Ancolie Bleue des Alpes, Ex en Valais, i.IX.69. From Englishman in hotel. ‘Alpine Columbine, color of your eyes.’
Epervière auricule. 25.X.69, Ex, ex Dr Lapiner’s walled alpine garden.
Golden [ginkgo] leaf: fallen out of a book’ The Truth about Terra’ which Aqua gave me before going back to her Home. 14.XII.69.
Artificial edelweiss brought by my new nurse with a note from Aqua saying it came from a ‘mizernoe and bizarre’ Christmas Tree at the Home. 25.XII.69.
Petal of orchid, one of 99 orchids, if you please, mailed to me yesterday, Special Delivery, c’est bien le cas de le dire, from Villa Armina, Alpes Maritimes. Have laid aside ten for Aqua to be taken to her at her Home. Ex en Valais, Switzerland. ‘Snowing in Fate’s crystal ball,’ as he used to say. (Date erased.)
Gentiane de Koch, rare, brought by lapochka [darling] Lapiner from his ‘mute gentiarium’ 5.I.1870.
[blue-ink blot shaped accidentally like a flower, or improved felt-pen deletion] (Compliquaria compliquata var. aquamarina. Ex, 15.I.70.
Fancy flower of paper, found in Aqua’s purse. Ex, 16.II.1870, made by a fellow patient, at the Home, which is no longer hers.
Gentiana verna (printanière). Ex, 28.III.1870, on the lawn of my nurse’s cottage. Last day here.
The two young discoverers of that strange and sickening treasure commented upon it as follows:
‘I deduce,’ said the boy, ‘three main facts: that not yet married Marina and her. married sister hibernated in my lieu de naissance; that Marina had her own Dr Krolik, pour ainsi dire; and that the orchids came from Demon who preferred to stay by the sea, his dark-blue great-grandmother.’

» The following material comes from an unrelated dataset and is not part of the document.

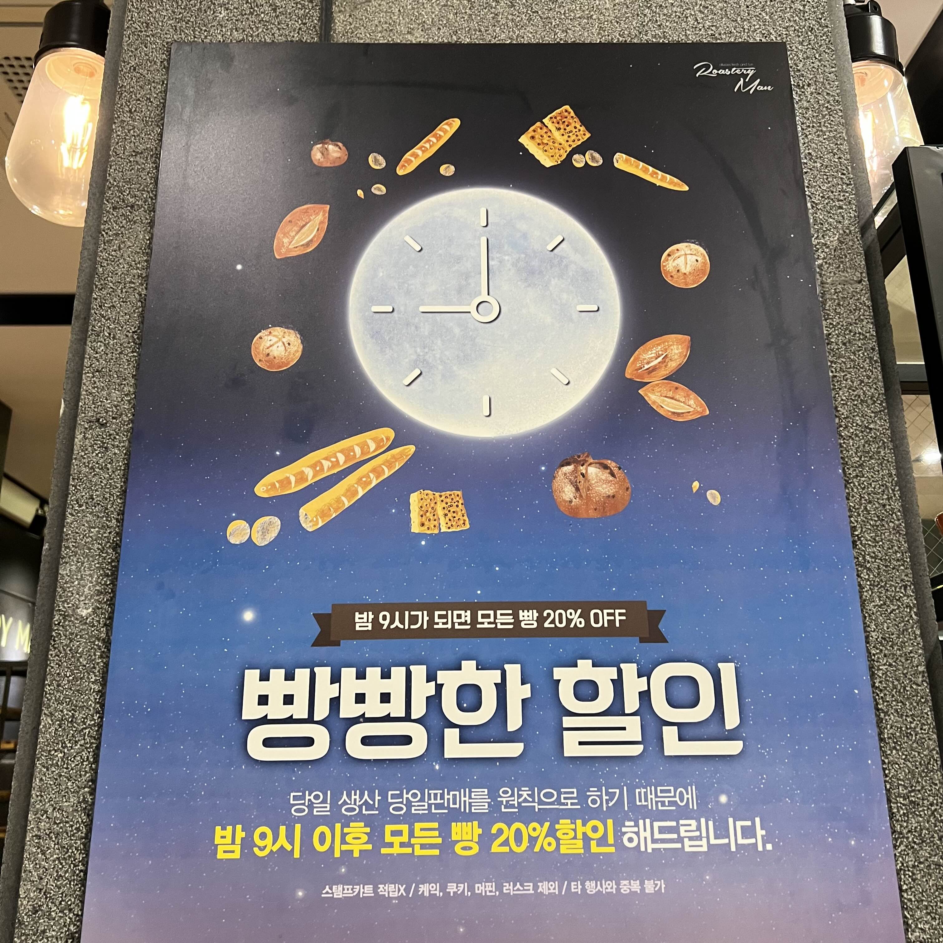 ⭐️저녁 9시 이후 빵 할인 20%(당일 생산 당일판매)

‘I can add,’ said the girl, ‘that the petal belongs to the common Butterfly Orchis; that my mother was even crazier than her sister; and that the paper flower so cavalierly dismissed is a perfectly recognizable reproduction of an early-spring sanicle that I saw in profusion on hills in coastal California last February. Dr Krolik, our local naturalist, to whom you, Van, have referred, as Jane Austen might have phrased it, for the sake of rapid narrative information (you recall Brown, don’t you, Smith?), has determined the example I brought back from Sacramento to Ardis, as the Bear-Foot, B,E,A,R, my love, not my foot or yours, or the Stabian flower girl’s — an allusion, which your father, who, according to Blanche, is also mine, would understand like this’ (American finger-snap). ‘You will be grateful,’ she continued, embracing him, ‘for my not mentioning its scientific name. Incidentally the other foot — the Pied de Lion from that poor little Christmas larch, is by the same hand — possibly belonging to a very sick Chinese boy who came all the way from Barkley College.’

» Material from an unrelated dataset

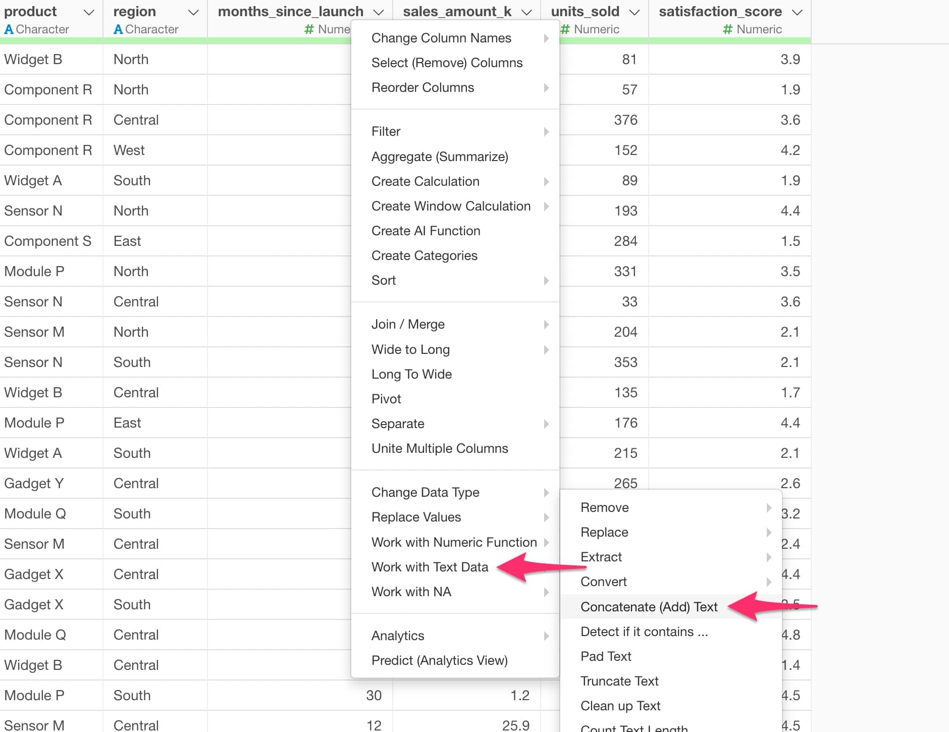 Select the column header menu, then go to “Work with Text Data” → “Concatenate (Add) Text”.

‘Good for you, Pompeianella (whom you saw scattering her flowers in one of Uncle Dan’s picture books, but whom I admired last summer in a Naples museum). Now don’t you think we should resume our shorts and shirts and go down, and bury or burn this album at once, girl. Right?
‘Right,’ answered Ada. ‘Destroy and forget. But we still have an hour before tea.’

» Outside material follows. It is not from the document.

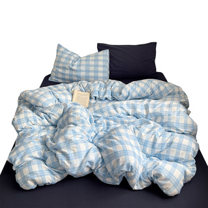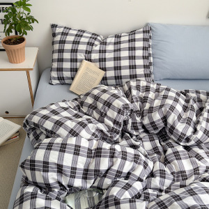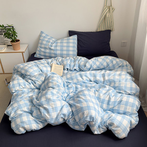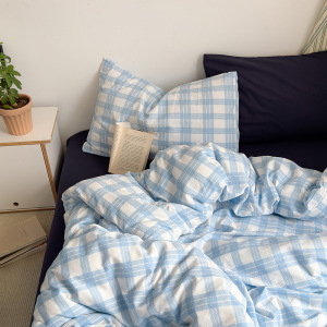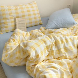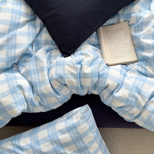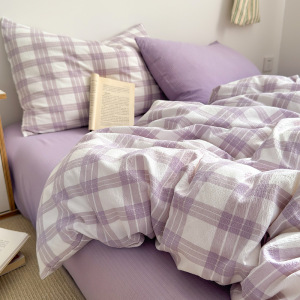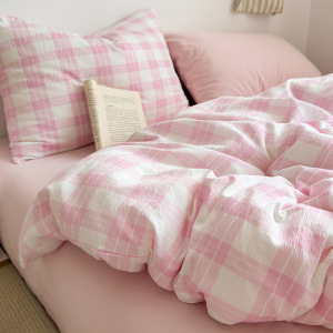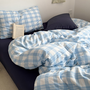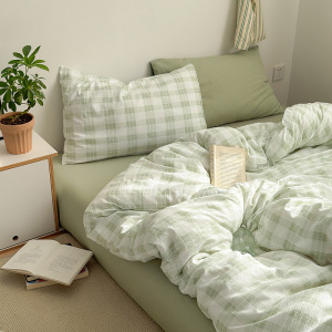 A类云感纯棉双层纱床上四件套格子格纹皱皱纱被套床品床单三件套2

Re the ‘dark-blue’ allusion, left hanging:
A former viceroy of Estoty, Prince Ivan Temnosiniy, father of the children’s great-great-grandmother, Princess Sofia Zemski (1755-1809), and a direct descendant of the Yaroslav rulers of pre-Tartar times, had a millennium-old name that meant in Russian ‘dark blue.’ While happening to be immune to the sumptuous thrills of genealogic awareness, and indifferent to the fact that oafs attribute both the aloofness and the fervor to snobbishness, Van could not help feeling esthetically moved by the velvet background he was always able to distinguish as a comforting, omnipresent summer sky through the black foliage of the family tree. In later years he had never been able to reread Proust (as he had never been able to enjoy again the perfumed gum of Turkish paste) without a roll-wave of surfeit and a rasp of gravelly heartburn; yet his favorite purple passage remained the one concerning the name ‘Guermantes,’ with whose hue his adjacent ultramarine merged in the prism of his mind, pleasantly teasing Van’s artistic vanity.
Hue or who? Awkward. Reword! (marginal note in Ada Veen’s late hand). (1.1)
Darkbloom ('Notes to Ada'): Dr Lapiner: for some obscure but not unattractive reason, most of the physicians in the book turn out to bear names connected with rabbits. The French ‘lapin’ in Lapiner is matched by the Russian ‘Krolik’, the name of Ada’s beloved lepidopterist (p.13, et passim) and the Russian ‘zayats’ (hare) sounds like ‘Seitz’ (the German gynecologist on page 181); there is a Latin ‘cuniculus’ in ‘Nikulin’ (‘grandson of the great rodentiologist Kunikulinov’, p.341), and a Greek ‘lagos’ in ‘Lagosse’ (the doctor who attends Van in his old age). Note also Coniglietto, the Italian cancer-of-the-blood specialist, p.298.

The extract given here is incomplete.